А есть тип Ольги Берггольц — это такая суровая нить, поэзия чрезвычайно непосредственная, корявая иногда нарочито, с довольно небрежными рифмами, с очень страшными реалиями, и любовь там всегда страшная, кровавая. Поэзия — не зря же, собственно, Слуцкий посвятил Берггольц стихи, где говорит о бабах — поэзия не женская, поэзия русской бабы, прожившей страшную жизнь. При этом, конечно, и утонченная, и культурная, но, ничего не сделаешь, суровая.
А вот Тушнова — это, мне кажется, единственный случай в русской литературе и, во всяком случае, в советской, когда женская поэзия лишена эмоционального перехлеста. Близка Тушнова, пожалуй, только к Марии Петровых, но Мария Петровых, если угодно, она слишком сдержанна и жизнь она прожила такую потаенную. Она, конечно, не позволяет себе той силы чувства, которая у Тушновой есть. Это сила чувства, но это не истерика — это поэзия человека, который как-то раз и навсегда осознал свою избыточность, свою ненужность в мире, свою принципиальную в него невписанность.
Лирическая тема Тушновой — это невостребованное счастье, невостребованный дар. Вот есть женщина. Она, вероятно, была, уже что там говорить, самой красивой женщиной русской литературы, если не считать Алю Эфрон — мой личный идеал красоты, но Аля стихов почти не писала, только иногда переводила. Тушнова действительно красавица, и фотографии ее производят не меньшее впечатление, чем стихи. Она прожила, в общем, довольно ровную для XX века жизнь, выросла в очень интеллигентной казанской семье, была дочерью знаменитого врача, который потом переехал в Ленинград, а оттуда — в Москву. Под влиянием отца, по его настоянию она получила сначала медицинское образование, благодаря этому всю войну проработала в госпиталях, а потом поступила по совету Веры Инбер в Литинститут, который не успела окончить из-за войны.

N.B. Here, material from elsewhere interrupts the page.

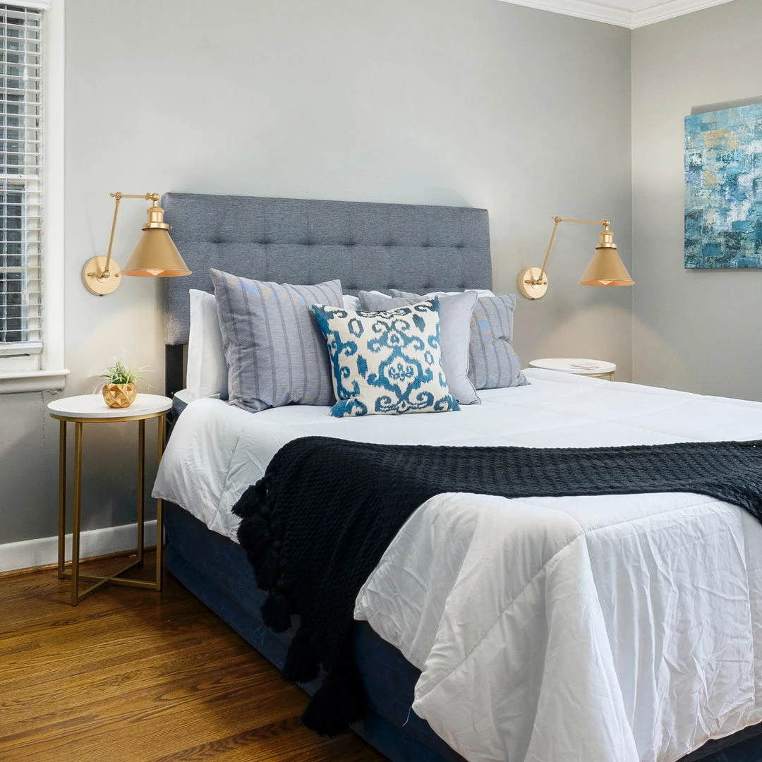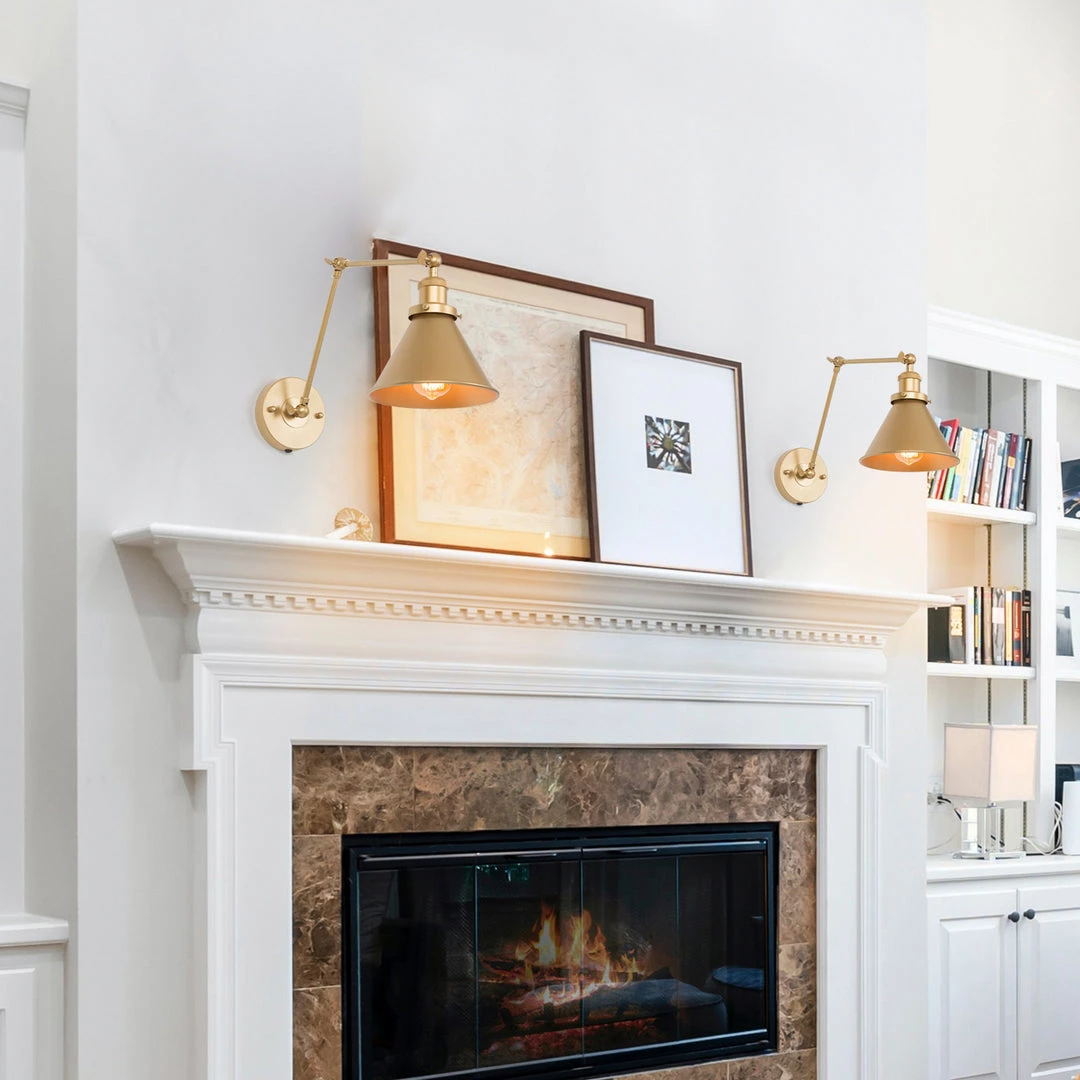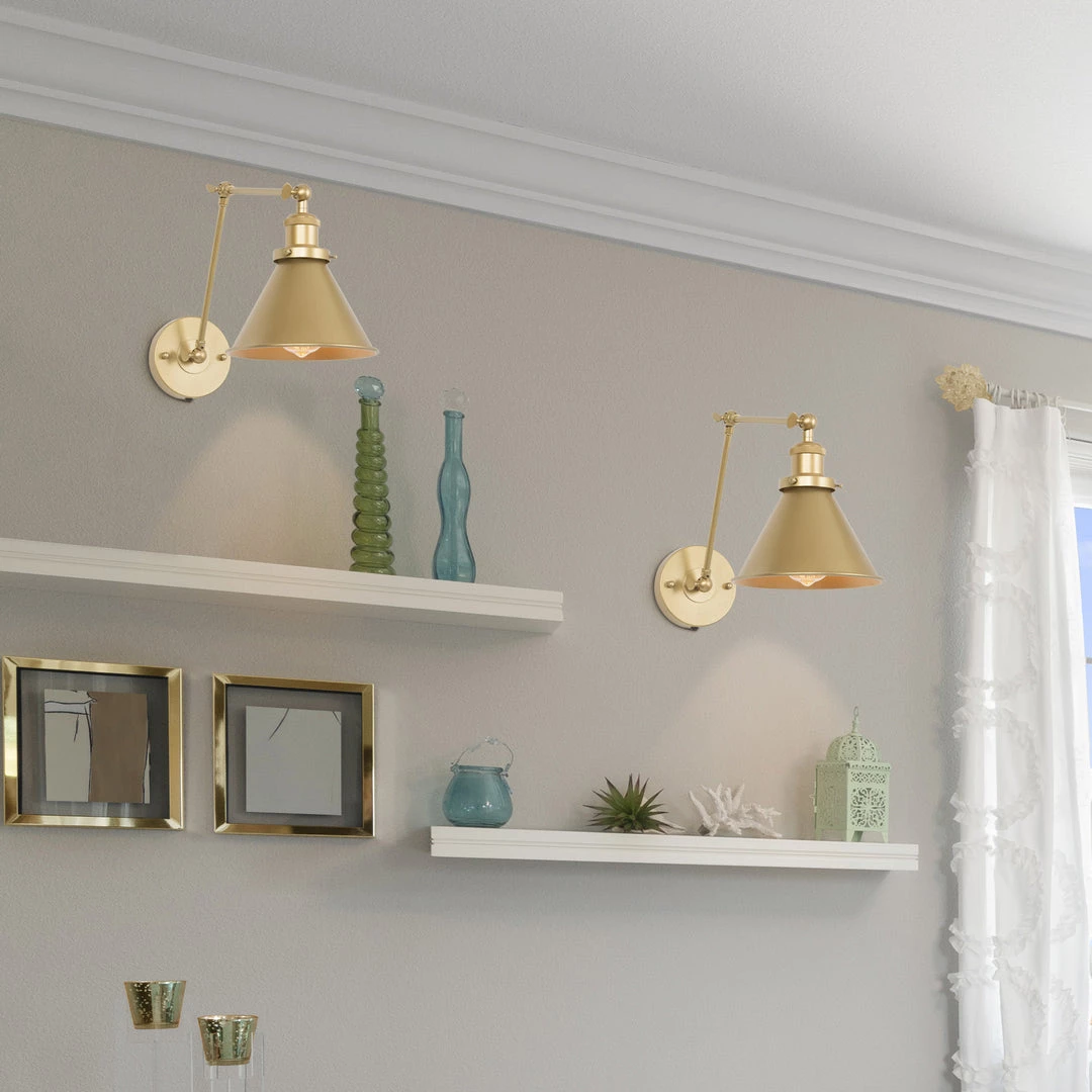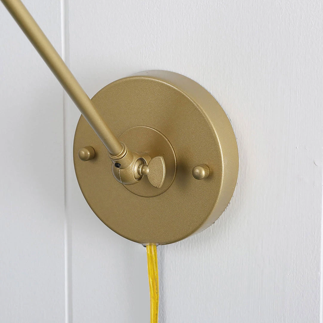 2-in-1 design allows you to install it as a plug-in or hardwire as your need for a long-lasting look. It may hang on a sloped wall or ceiling. Patent swing arm and brass joint make it easy to adjust up and down (not side to side) and direct light wherever you need them most.

Печататься начала уже пусть после 25-ти, но сразу успешно, хвалили ее, никогда не прорабатывали и никогда она не знала репрессий. В общем, благополучная, на первый взгляд, судьба. Но при этом два неудачных брака, оба довольно тяжело распадались, и при этом главная любовь ее жизни — Александр Яшин, который, значит, имел четырех детей, не уходил из семьи, красавец и храбрец Яшин, автор «Рычагов», о которых мы говорили, сам замечательный поэт и прозаик, которого за «Рычаги» и «Вологодскую свадьбу» нещадно избили в прессе, человек невероятной притягательности и храбрости. Десять лет продолжалась их тайная любовь, закончилась она в 1965-м, когда Тушнова умерла от рака, а три года спустя от рака умер и Яшин, тоже совсем еще не старым человеком. И вот это счастье, которое, как она сама пишет, намывалось по крупицам, эта любовь, которая существовала под запретом, это и есть главная тема ее настоящей лирики.

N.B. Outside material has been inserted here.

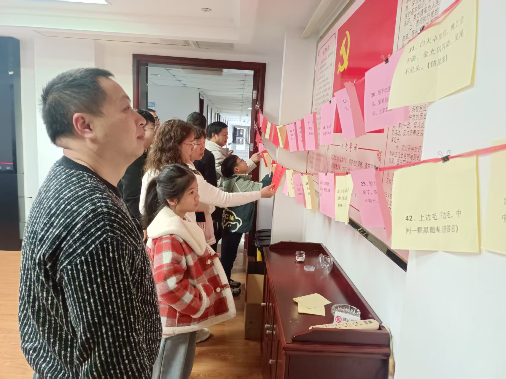 活动现场,干部职工们一同观看了元宵节文化视频,视频中,生动展示了元宵节的起源、传统习俗。通过观看视频,大家不仅对元宵节的历史和文化习俗有了更深入的了解,也深刻感受到了元宵节作为中国传统节日的深厚文化底蕴。随后,大家进入了猜灯谜环节,会议室四周挂满了各式各样的灯谜,每一个灯谜涵盖了日常生活、动植物知识等多个方面,大家纷纷踊跃参与,兴致勃勃地围在灯谜前,仔细思考谜面的含义,时而互相讨论,时而露出恍然大悟的表情,活动现场气氛热烈而欢快。

Вот всегда есть ощущение: столько всего человеку дано, и так никто не хочет и не умеет этим воспользоваться. Я боюсь, что она действительно со своей универсальной одаренностью, со своей замечательной способностью быть счастливой в любых обстоятельствах, она действительно была как-то не по эпохе. Женщина она была слишком яркая и светская, чтобы в советское время, так сказать, по-человечески вписаться, потому что нет в ней ни ахматовской, ни цветаевской внутренней стали. Она слишком человек, и стихи ее — человеческие. Именно поэтому она находится вне советского мейнстрима. У нее всегда есть самоощущение человека, который вот принес себя в дар, а этот дар не приняли. И это есть в большинстве ее стихотворений, и, как ни горько, ей все время приходится умолять, чтобы ей разрешили быть.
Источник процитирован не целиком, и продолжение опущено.